Burger King Worldwide (NYSE: BKW) released its third quarter results early Monday morning. It wasn’t a whopper, but the company wasn’t walloped either. Diluted earnings per share increased 31.6 percent, or by 23 cents per share. Adjusted Earnings Before Interest, Taxes, Depreciation and Amortization (or, EBITDA) had a 16.7 percent increase to $176.0 million.
The company posted the good numbers even though comparable system-wide sales growth was 0.9 percent for the quarter, compared to 1.4 percent for the third-quarter last year. Total revenues for the quarter stood at $275.1 million, down from third-quarter 2012′s $455.7 million. The release said the positive results were “primarily due to lower depreciation expense as a result of our global refranchising initiative and lower interest costs as a result of last year’s refinancing.” The company also lowered management and administrative costs.

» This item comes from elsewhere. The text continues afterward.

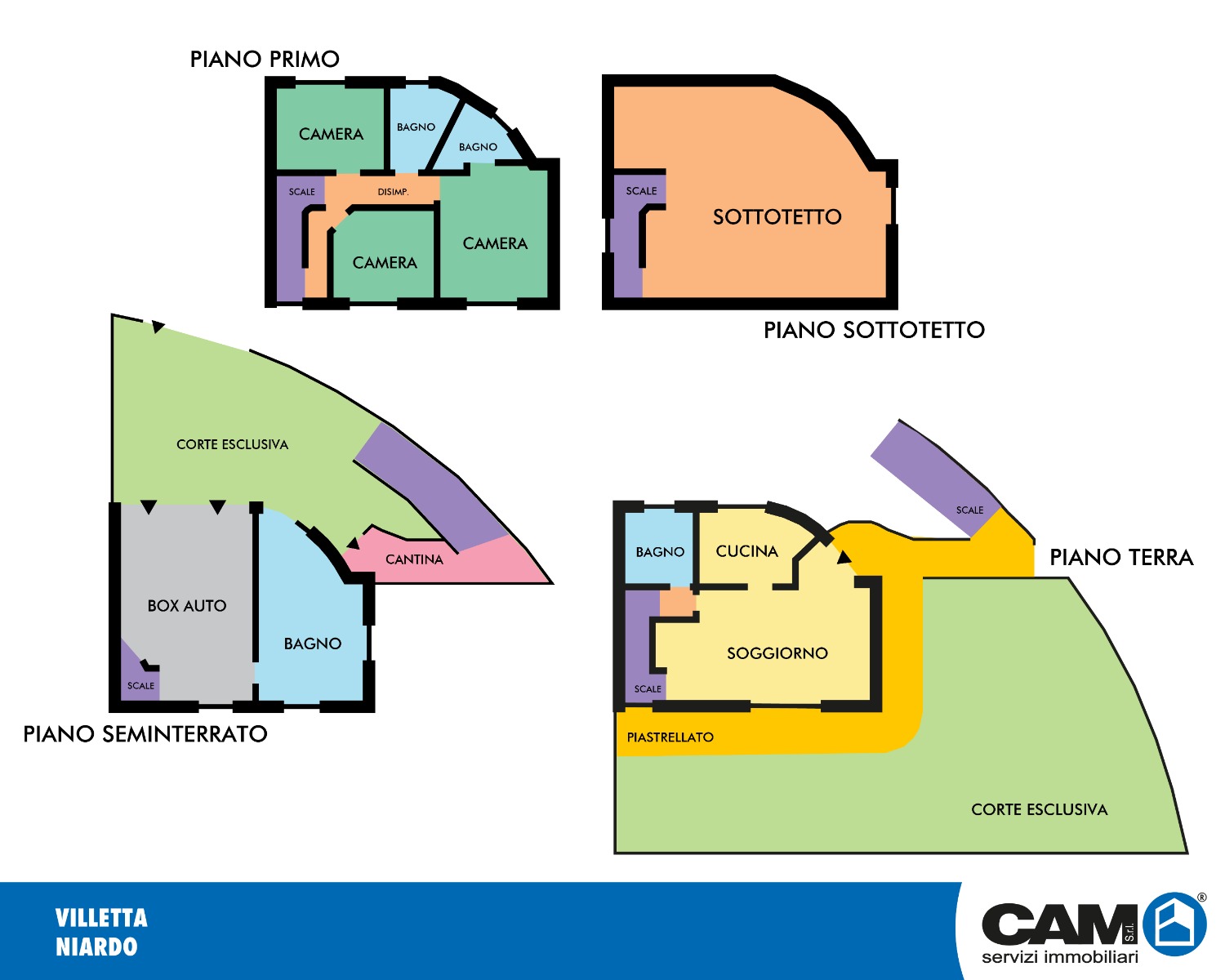 A Niardo, in ottima posizione, ben esposta e comoda ai principali servizi, villa bifamiliare venduta ultimata e chiavi in mano, disposta su tre livelli di mq. 70,00 ca. ciascuno.

U.S. comparable sales growth was down, 0.3 percent. In the third-quarter of 2012, the company had comparable sales growth for the U.S. of 1.6 percent.Positive sales growth came from Europe, the Middle East and Africa, and the Asia Pacific region. Burger King added more franchises in both regions, as well as in Latin America for a total of 133 new stores opened this quarter. It closed thirteen franchises in the U.S.
The company saw enough positive indications from overseas to revise its fourth quarter expectations on earnings per share up, from 6 cents for the quarter, to 7 cents. Burger King also hopes to regain some of the U.S. market with the launch of a healthier fry, what Burger King calls SATISFRIES.
Daniel Schwartz, Burger King’s CEO said, “We believe that new products like this, combined with our focus on improving operations will enhance the guest experience and drive increased restaurant profitability. Our exceptional franchisees, partners and employees are aligned to execute on our strategy and we expect to finish 2013 strong.”